We use a categorical approach to determine whether a prior conviction is a crime of violence for INA removal purposes. Hernandez, 513 F.3d at 1339. That is, we look only to the statutory definition of the offense to determine whether it fits the definition of a crime of violence, rather than to the particular facts relating to an individual's crime. Id. (quoting Leocal, 543 U.S. at 7, 125 S.Ct. 377 (2004)). Unless there is a realistic probability that the statute would be applied to conduct outside the scope of 18 U.S.C. § 16(b), the offense is a crime of violence. Gonzales v. Buenos-Alvarez, 549 U.S. 183, 193, 127 S.Ct. 815, 166 L.Ed.2d 683 (2007).
Under Florida law, resisting an officer with violence is a felony: "Whoever knowingly and willfully resists, obstructs, or opposes any officer . . . in the execution of legal process or in the lawful execution of any legal duty, by offering or doing violence to the person of such officer . . . is guilty of a felony of the third degree[.]" Fla. Stat. § 843.01. To obtain a conviction, the state must prove that the defendant intentionally impeded an officer's performance of his or her duties by using physical force against the officer's person or threatening or attempting to do so. Fla. Stat. § 843.01.

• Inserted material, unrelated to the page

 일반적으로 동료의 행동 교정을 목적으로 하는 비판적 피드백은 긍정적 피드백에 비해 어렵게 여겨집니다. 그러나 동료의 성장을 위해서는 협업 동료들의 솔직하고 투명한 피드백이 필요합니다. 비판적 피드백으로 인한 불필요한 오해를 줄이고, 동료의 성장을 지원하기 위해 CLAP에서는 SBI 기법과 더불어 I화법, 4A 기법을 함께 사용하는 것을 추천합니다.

While a defendant need not actually use force to be convicted, the statute fits the 18 U.S.C. § 16(b) definition of a crime of violence: attempting or threatening to use physical force to impede an officer's performance of his or her duties naturally involves the substantial risk that the offender will use physical force during the commission of the crime. Officers' duties include detaining suspects, breaking up fights, and other duties that routinely involve physical intervention in confrontational circumstances, making it highly likely that an attempt or threat to use force by a person interfering with the performance of those duties will escalate into the actual use of force. See Canada v. Gonzales, 448 F.3d 560, 568 (2d Cir. 2006) (reasoning that there is an increased risk that an offender who interferes with an officer's official duties will use force due to the physical and confrontational nature of those duties).
While Pedro-Domingo points to this fact, as discussed above, an offense can be a crime of violence even if a conviction is possible in cases where the defendant did not use force, so long as the offense naturally involves the substantial risk that physical force will be used during the commission of the crime. 18 U.S.C. § 16(b).

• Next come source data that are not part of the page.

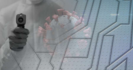 Digital illustration of macro Covid-19 cell with data, statistics and numbers floating over scientist wearing protective clothes, using tablet. Coronavirus Covid-19 pandemic concept digital composite
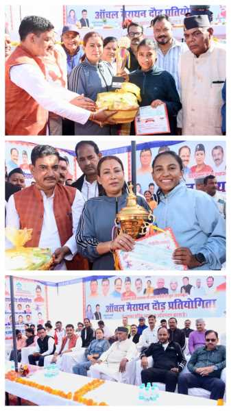 कैबिनेट मंत्री रेखा आर्या ने कहा कि खेल के क्षेत्र में प्रदेश को देश का अग्रणी राज्य बनाने के लिए युवाओं को कड़ी मेहनत करनी होगी। उन्होंने कहा कि इस बड़े लक्ष्य की पूर्ति के लिए सरकार हर तरह से खिलाड़ियों को समर्थन दे रही है ।उन्होंने कहा कि प्रदेश के लिए पदक जीतने वाले खिलाड़ियों को आउट ऑफ टर्न नौकरी दी जा रही है, साथ ही अन्य सरकारी नौकरियों में भी उन्हें 4% आरक्षण देने की व्यवस्था की गई है।मैराथन दौड़ में बालक और बालिका वर्ग में पूजा बिष्ट और नीरज नेगी प्रथम स्थान पर रहे, जबकि मेघा गोस्वामी और तुषार ने दूसरा स्थान हासिल किया । अनु भट्ट और सौरभ रावत तीसरे स्थान पर रहे । इन सभी को मुख्य अतिथि कैबिनेट मंत्री रेखा आर्या ने सम्मानित किया।
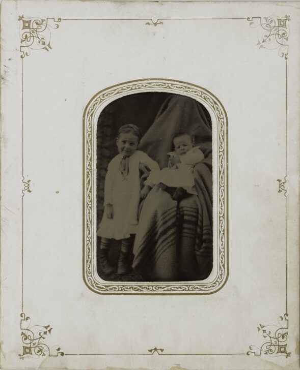 A sepia-toned image of two children and a larger, seated figure draped in a blanket. The smaller child is an infant that sits in the lap of the seated figure and the larger child stands to the infant's right with an arm on the seated figure's leg.
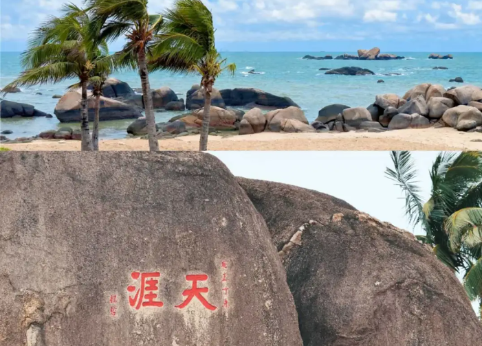 【天涯海⻆】因景区两块巨⽯分别刻有“天涯”、“海⻆”及郭沫若先⽣题写的(天涯海⻆游览区)⽽得名

While some threats to do violence do not create a substantial risk that force would actually be used, the Florida state courts have interpreted the statute to require that the offender has the capacity to follow through on the threat to sustain a conviction. Kirkland v. State, 647 So.2d 142, 143-44 (Fla.Dist.Ct.App. 1994) (citing Sculloch v. State, 377 So.2d 682, 683 (Fla. 1979)) (overturning conviction because hogtied defendant did not have the capacity to follow through on his verbal threats). This limitation makes it not realistically probable that the statute will be applied to conduct that does not create a substantial risk that force might be used, and we can find no cases where the statute was applied to conduct that does not fall under the crime of violence definition.
Moreover, because the Florida statute defines resisting an officer with violence as "knowingly and willfully" resisting an officer by "offering or doing violence to the person of such officer[,]" Fla. Stat. § 843.01, it does require that the offender acts with the requisite level of intent to be a crime of violence. See Leocal, 543 U.S. at 11, 125 S.Ct. 377 (holding that 18 U.S.C. § 16(b) requires a higher level of intent than accidental or negligent conduct). As the Florida Supreme Court held, resisting an officer with violence is a general intent crime that requires the offender to act with knowledge and intent to resist, obstruct, or impede an officer. Frey v. State, 708 So.2d 918, 920 (Fla. 1998). While it is conceivable that a person could accidentally use force against an officer while intentionally impeding his or her official duties (for example, by being shoved or stumbling into an officer while refusing to submit to a legal search), we can find no examples of convictions under the statute in such circumstances. The substantial risk inherent to the offense is that the offender will intentionally use force against an officer, not that force might be used accidentally or negligently. See, e.g. Scullock, 377 So.2d at 683 (reasoning that defendant's conduct indicated that he intended to act on his threat to shoot).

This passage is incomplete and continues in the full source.